A vendor that holds CAI evaluation rubrics in a shared infrastructure environment with data from competing labs creates a specific risk: that the methodology Anthropic has developed for aligning Claude's behavior could be exposed to competitors through a security breach. This is not a hypothetical risk — it is exactly what the Mercor breach demonstrated was possible.

CAI training data should be held in an architecture where the rubrics, the evaluation data, and the evaluator-level signals are all stored in a client-isolated environment with access controls that prevent any cross-client exposure. The vendor should not have the ability to use insights from one lab's CAI evaluation data to inform rubric development for another lab — even indirectly, even in aggregate form.
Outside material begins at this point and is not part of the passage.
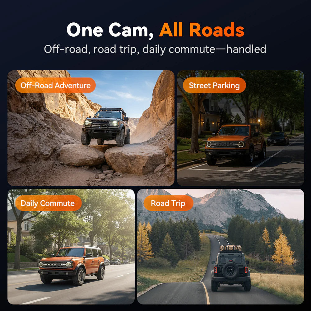 - 4k Front Camera, 2.5K Rear Camera, and 1080P Trail Camera

What a CAI-Ready Training Data Vendor Looks Like

The requirements are specific and demanding. The vendor must have the methodology capability to translate constitutional principles into task-specific evaluation rubrics in collaboration with Anthropic's alignment team. It must have the evaluator management infrastructure to run the calibration sessions required to achieve acceptable IRR on value-laden comparative tasks. It must have the data architecture to preserve principled evaluator disagreements as signal rather than suppressing them as noise. And it must have the security architecture to hold CAI training data in isolation from every other client relationship.

Most of these requirements are not met by the current vendor market — not because the technical capabilities do not exist, but because the market has not historically been asked to meet them. Labs that care about the quality of their constitutional alignment training data should be asking whether their vendor meets these requirements, and should be willing to change vendors if the answer is no.